2. AUDIENCES ARE GETTING WORSE

It's impossible to see a movie now without also sharing a dark room with people who have brought cell phones and video games and babies. Sometimes they make babies. Occasionally they have babies. Talking leads to sushings, sushings lead to shouting, shouting leads to stabbings. The rules of cinema have evaporated. Earlier this summer, during Captain America—a film I saw, with a pal, as an elaborate game of Emotional Chicken—I had to pledge a street gang halfway through.

At first glance, this seems like an open and shut case of cause and effect. Movies are getting worse, therefore audiences are getting worse. I would think this myself if I didn't live where I do. But I frequently avail myself of LA's fine selection of revival movie houses, and I've noticed a corrosion of civility in all sorts of venues. Last year, I drove to the Egyptian Theater in Hollywood to catch 1954's Human Desire. During the opening credits, a man the size of a Mini Cooper plopped down next to me, produced a flask and martini glass, and proceeded to narrate his rich inner life to the entire audience. There were no other seats. Leaving mid-film would've felt like surrender. I learned a lot about myself that night, but if you factor in snacks and parking, it wasn't a cheap lesson.

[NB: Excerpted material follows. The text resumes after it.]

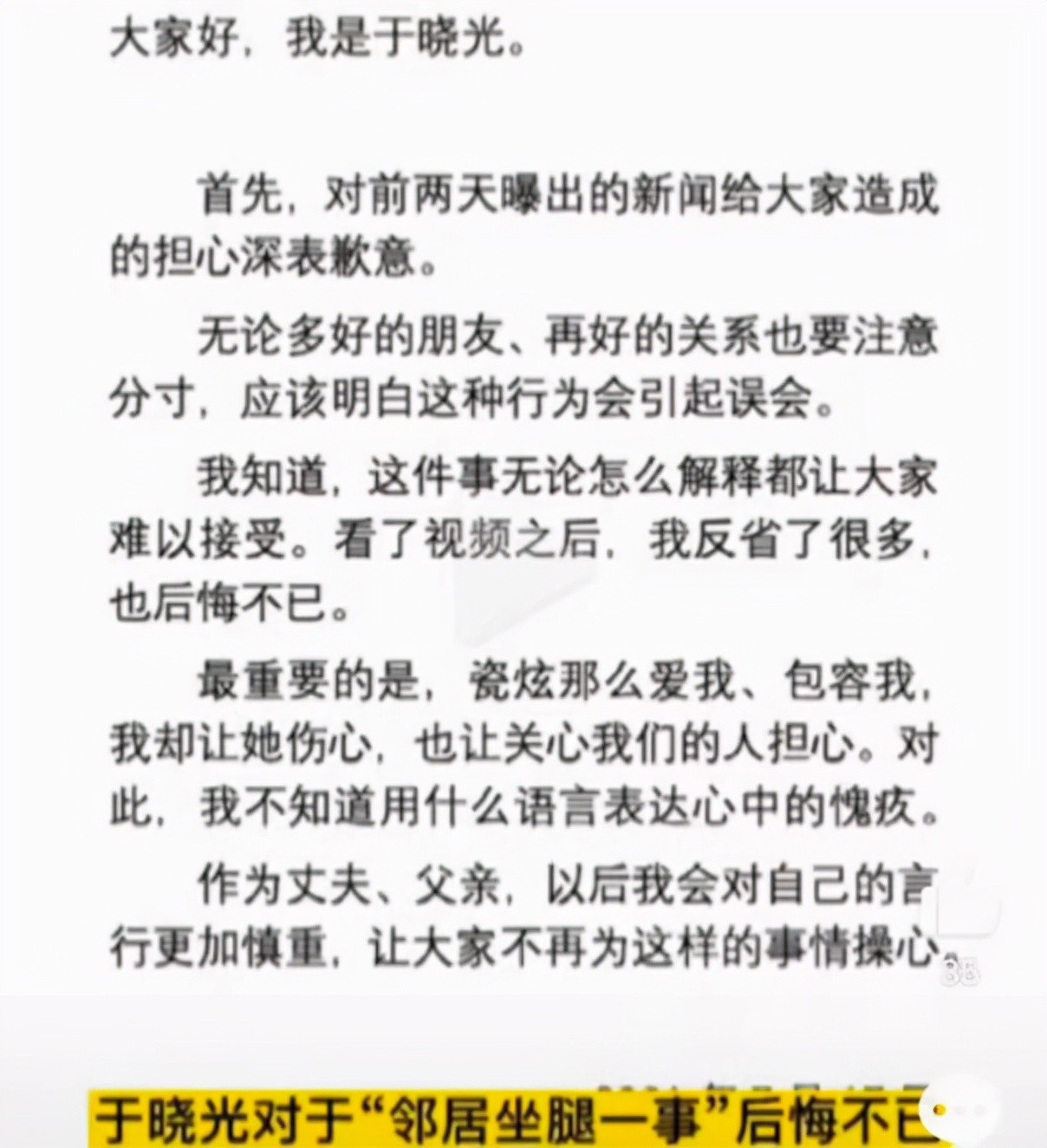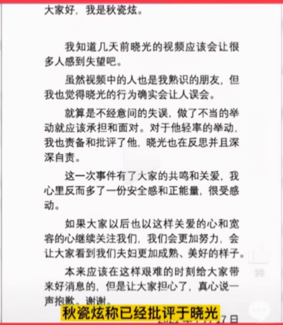 随后秋瓷炫也发文替老公道歉,并且表示已经批评过于晓光了。

And yet there is hope: Occasionally these two ominous trends—bad movies vs. bad audiences—cancel each other out. Seven years ago in Pasadena, Warner Brothers held a sneak preview for Exorcist: The Beginning. Ten minutes into the showing, someone in the audience roared, "The people who made this piece of shit are in this room!" Another voice in the darkness cried out, "where?" The first person stood, turned to face the back of the theater, and said “THERE THEY ARE!” In the last row of seats, a group of grown men in suits abruptly bolted for the exit and were chased out into the streets by a vengeful mob.

Since the truthfulness of this rumor is up for debate (I've heard versions of this story involving every Exorcist sequel, each of which could stake a claim on Worst Film Ever), I'll add my own epilogue. The audience caught up with the execs two blocks away, stripped them, flayed them, and wore the poor men's skins around Hollywood Boulevard in a horrific display of mob violence. Shaken to its core by this act of senseless barbarity, the movie industry vowed to only make quality movies from here on out, a promise they would have long since kept if it weren't for unions, taxes, and excessive government regulations. So thanks, Obama.